BY JONATHAN VALANIA Tommy Stinson was the bass player in the The Replacements. He also played bass in Guns N’ Roses for nearly 20 years, and Soul Asylum for two albums, and played guitar and sang and wrote songs for Bash N’ Pop and Perfect and made solo albums. (For the in-depth 411 on Tommy Stinson’s life after The Replacements, check out this Rolling Stone profile from a couple years back.) But above all things Tommy Stinson was — along with his brother Bob on guitar, drummer Chris Mars and singer-guitarist Paul Westerberg, arguably one of the greatest songwriters of the last 40 years — in The motherfucking Replacements. You kids gotta understand what a big fucking deal that is/was. At the height of their powers, The Replacements were a perfect storm of glitter, hairspray and doom. Live, they were shambolic and alcoholic, on record they were dog-eared glory, the original inglorious bastards. They were junkyard dogs with hearts of gold. The Replacements were made to be broken. And they were good at breaking things: themselves mostly, but also the will of their audience, their unshakable bond with rock critics, their indie cred, the unrealistic expectations of major labels and the maxed out expense accounts that went with them, and on a good night, the ceiling on greatness. Because when the booze was in the seventh house and Westerberg and the Brothers Stinson aligned with Mars — The Replacements were the greatest rock n’ roll band on Earth. Period. The end. In advance of Stinson’s performance at South Philly Van Club on Wednesday with his acoustic duo Cowboys in the Campfire, we got him on the horn to talk about the past, the present and what comes next.

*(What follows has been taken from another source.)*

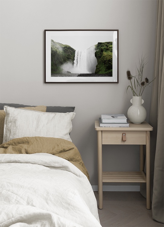 Handpicked design Photograph of the waterfall Skogafoss in Iceland. Join Desenio Design Studio on a dreamy trip to Iceland and the northern lights, a place where you can rest your mind. Studio Elements is a collection from Iceland, by Desenio.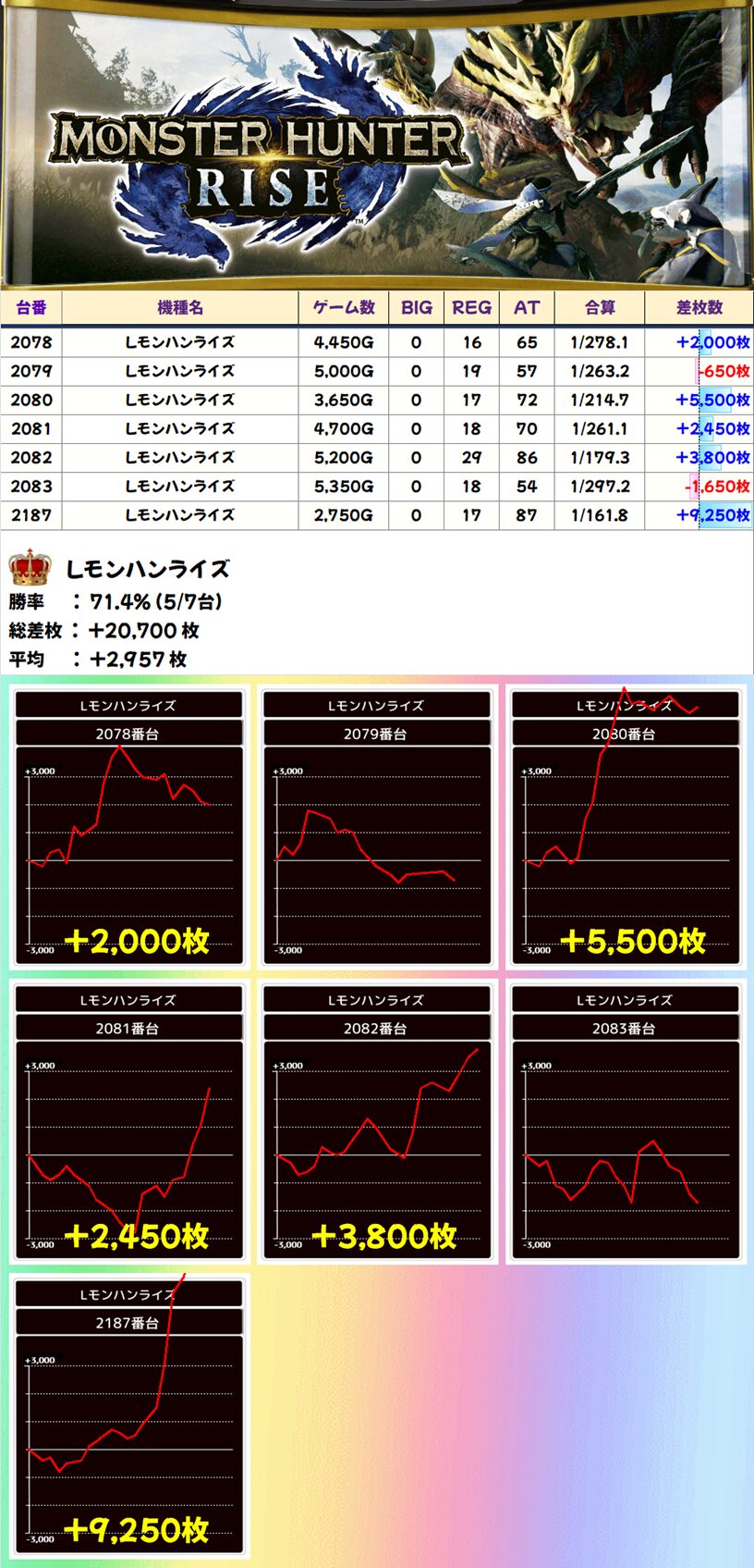 Lモンハンライズ (5/7台+) ➡平均 +2,957枚

PHAWKER: Alright, we’re rolling. This the interview with Tommy Stinson. It is March 12, 2018. So we finally speak. Long time a fan. First time a caller. Thanks for doing this. Excited to speak with you.

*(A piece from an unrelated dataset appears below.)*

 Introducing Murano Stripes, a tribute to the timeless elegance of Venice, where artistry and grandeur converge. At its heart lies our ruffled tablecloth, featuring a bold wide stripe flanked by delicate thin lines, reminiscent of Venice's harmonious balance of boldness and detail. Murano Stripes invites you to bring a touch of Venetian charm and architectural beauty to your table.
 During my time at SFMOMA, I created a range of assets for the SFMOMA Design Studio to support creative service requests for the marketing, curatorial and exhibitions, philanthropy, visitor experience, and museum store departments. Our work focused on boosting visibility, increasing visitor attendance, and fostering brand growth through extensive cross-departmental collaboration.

TOMMY STINSON: Yeah, sorry it took so long to hook it up.
PHAWKER: No worries, it happens sometimes. Where are you guys right now?
TOMMY STINSON: We’re in St. Petersburg, Florida. I’m out by the pool, trying to hide from the rain here, so you’re gonna hear a little music in the background. Is that gonna be alright?

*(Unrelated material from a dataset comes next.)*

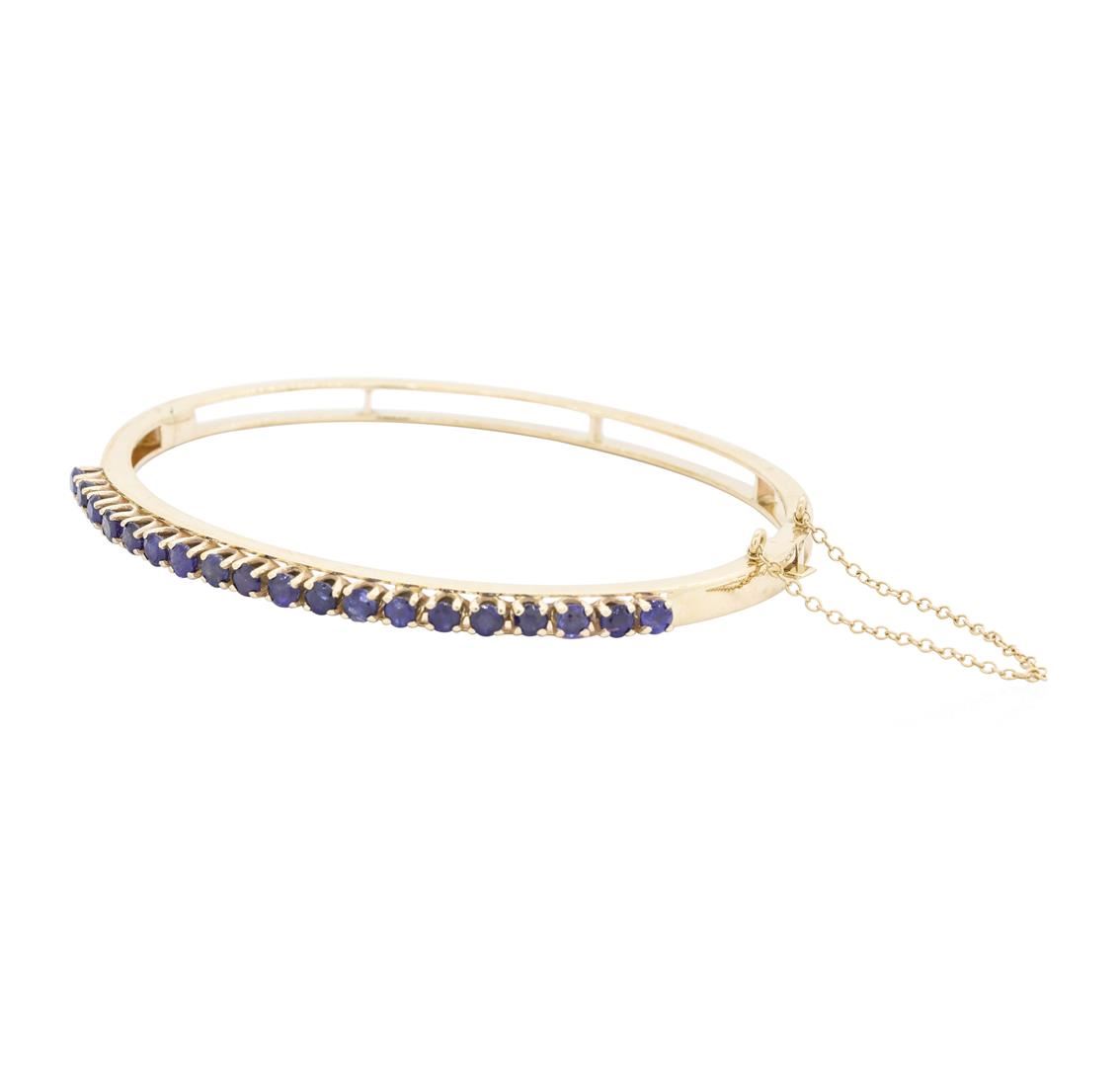 One lady's bangle bracelet featuring: 14KT yellow gold weighing 10.6 grams containing sapphires weighing 2.00ctw. The bracelet has an attached safety chain and measures approximately seven inches in circumference.

TOMMY STINSON: Yeah, the Cowboys in the Campfire came from collaborating with Chip Roberts for the last ten years. We decided if I had some time down the road that we’d, you know, do a duo thing, where it’s just him and I stripped down and play some songs, write some songs, stuff like that. I was busy with Guns ’n Roses and the Replacements and things like that, and we didn’t really get a chance to do it. Literally sat down to do it about two years ago. And, you know, we both found ourselves coming up on summer and going, well, what have we got going on? We’ve got nothing going on this summer, so we got in the van, booked some shows, and went out as Cowboys in the Campfire and had a lot of fun doing it. And, you know, we’ve done it now for a couple of years, trying to build a little following for it, and we’re gonna work on a record here over the next month or so. Then hopefully put that out by the summer.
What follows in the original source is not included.